There are also functions that allow you to set time limits on emails (so they self delete) or disallow them from being forwarded or replied to (directly). For Outlook I think you have to have ".NET" services (or whatever) enabled. But a lot of these depend of both computers using the same program or service,

Tugg



I don’t know that I am unafraid to be myself, but it is hard to be somebody else. -W. Shatner
User currently offlineYokoTsuno From Singapore, joined Feb 2011, 348 posts, RR: 0
Reply 15, posted (1 year 7 months 11 hours ago) and read 1217 times:

Quoting tugger (Reply 16):
As to the "criminal" aspect of "removing" an email from someones Inbox, if the service (like gmail, not that I am saying that they do it) has the function baked into it then it will be in the terms and conditions you agree to as the email is really on the services servers and not yet on your computer.

There is no global legislation on internet usage and Terms and Conditions therefore do not override local legislation. Instagram (owned by Facebook) which has implemented Terms & Conditions which contradict or at least perceived to contradict IP ownership laws of several countries is currently in such situation. I believe lawsuits have been filed recently against the company.

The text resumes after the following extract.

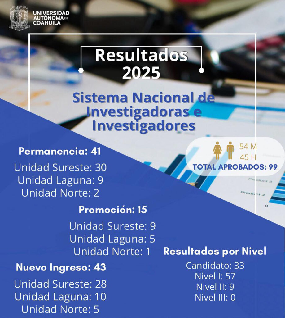 Con estos resultados, a partir de enero de 2026 la UAdeC contará con 433 miembros en el SNII, con una distribución por nivel de reconocimiento de 117 investigadores en el Nivel Candidato, 273 en el Nivel I, 33 en el Nivel II, nueve investigadores en el Nivel III y un investigador con reconocimiento Emérito; lo que representa un incremento del 16% para investigadores en el nivel Candidato, un 1% en el Nivel I y 27% en el Nivel II en el periodo de 2025 al 2026.

Quoting tugger (Reply 16):
Once it gets to the computer it is relatively unlikely to be able to be deleted.

Doing this is IMHO as a legal layman a serious offence in many jurisdictions. I can even image that in many jurisdictions, the sender (or the service provider for that matter) isn't even allowed to delete sent mail even if that mail is stored on the serviceprovider's servers. The snailmail equivalent of this is the postoffice or sender removing a letter from a PO located on the premises of the postoffiice.


User currently offlinetugger From United States of America, joined Apr 2006, 5418 posts, RR: 8
Reply 16, posted (1 year 7 months 10 hours ago) and read 1203 times:

Quoting YokoTsuno (Reply 17):
There is no global legislation on internet usage and Terms and Conditions therefore do not override local legislation. Instagram (owned by Facebook) which has implemented Terms & Conditions which contradict or at least perceived to contradict IP ownership laws of several countries is currently in such situation. I believe lawsuits have been filed recently against the company.

I understand what you are saying but I think for email and like items this may be a different situation, the question usually boils down to "who owns (controls) it (the content/item)" and "where does it reside"? If it never leaves the companies servers and the sender (originator) agreed to the terms, then that can be a different situation (we are not talking a service provider taking original content from a subscriber/individual and offering it for sale to other entities for a profit, we are talking about following the originators instructions).

Tugg



I don’t know that I am unafraid to be myself, but it is hard to be somebody else. -W. Shatner
User currently offlineHAWK21M From India, joined Jan 2001, 31667 posts, RR: 56
Reply 17, posted (1 year 6 months 4 weeks 19 hours ago) and read 1138 times:

Outlook express has a recall facility.....


Think of the brighter side!
User currently offlinemoo From Falkland Islands, joined May 2007, 3866 posts, RR: 5
Reply 18, posted (1 year 6 months 4 weeks 19 hours ago) and read 1127 times:

Quoting HAWK21M (Reply 19):

Outlook and Outlook Express both require Exchange at both ends for this feature, and it also requires the feature be enabled at the AD level on the recipients end - it doesn't "just work", it needs cooperation from a lot of the infrastructure.

If the mail is still in the outbox, you can just delete it, as it's not been sent yet.